The present invention relates to the field of integrated circuit manufacturing, and particularly, to a substrate for an Integrated Circuit (IC) and a method for manufacturing the same.
In the process for manufacturing integrated circuits, SOI (silicon on insulator) substrate is usually used in conjunction with STI (shallow trench isolation) to achieve complete isolation between devices.
The object of the present invention is to provide a novel method for manufacturing a substrate for an integrated circuit. The present invention achieves the same effect of isolation between devices as that on SOI substrates by introducing original process flow for STI formation on bulk material.
As compared to the prior art, the present invention reduces costs by using cheap bulk material. And the method for forming the substrate according to the present invention is based on the process flow of STI, which significantly simplifies the process required for achieving complete isolation between devices.

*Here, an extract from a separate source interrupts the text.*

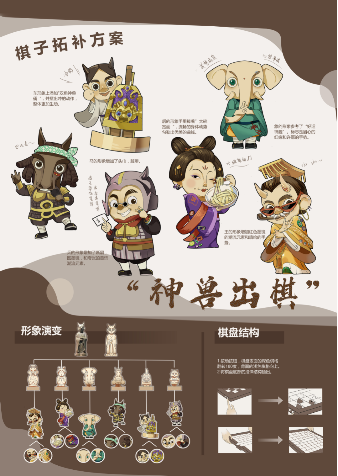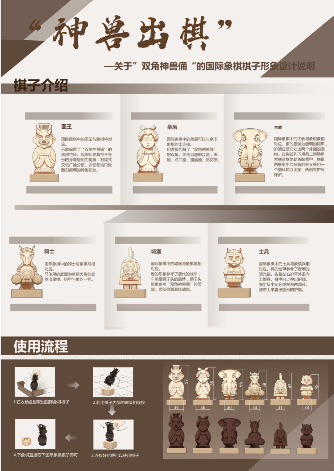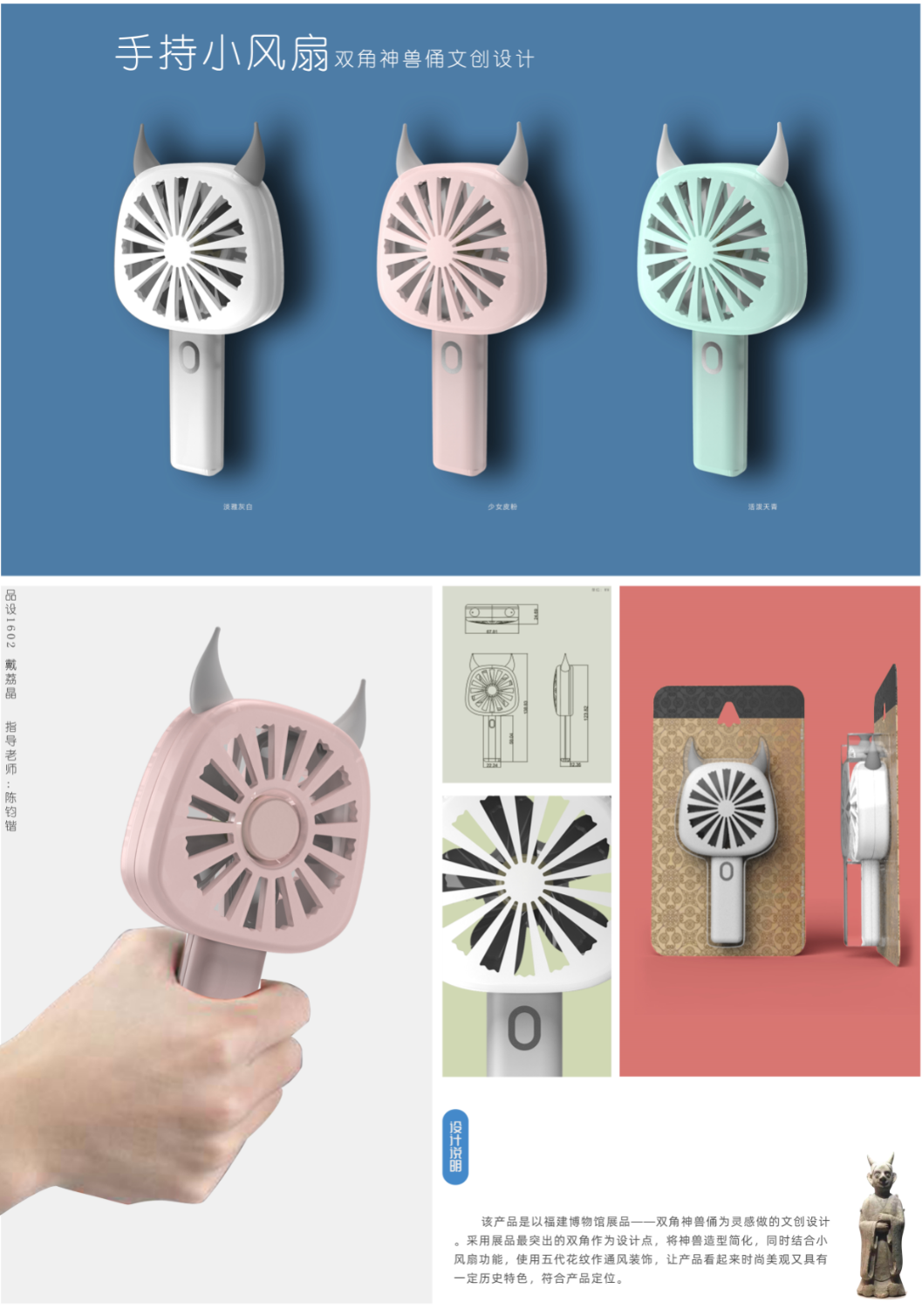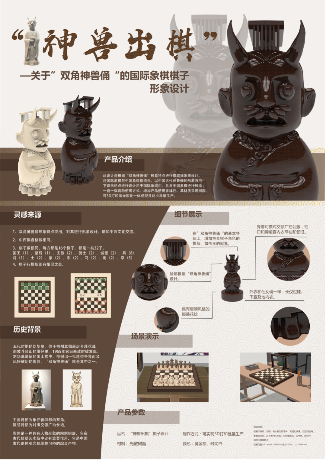 本次课程作品选题为自选课题与指定课题,员工自行选择。指定课题为“2019增材制造全球创新应用大赛”博物馆文创主题,将产品设计专业特点与课程教学内容有机融合,取得了良好的教学效果。伍盛予、赵映雪同学作品“‘神兽出棋’——关于‘双角神兽俑’的棋子形像与包装设计”获三等奖,刘俊同学的作品“‘意像’——双角神兽俑开瓶器与包装设计”和黄天君、罗文浩同学作品“‘与妻书’——文创产品与包装设计”获优秀奖。

A method for manufacturing a substrate according to the present invention comprises the steps of: forming a hard mask layer on the bulk silicon material; etching the hard mask layer and the bulk silicon material to form a first part for shallow trench isolation of at least one trench; forming a dielectric film on the sidewall of the at least one trench, further etching the bulk silicon material to deepen the at least one trench so as to form a second part of the at least one trench; completely oxidizing or nitridizing parts of the bulk silicon material which are between the second parts of the trenches, and parts of the bulk silicon material which are between the second parts of the trenches and side surfaces of the bulk silicon substrate; filling dielectric materials in the first and second parts of the at least one trench; and removing the hard mask layer.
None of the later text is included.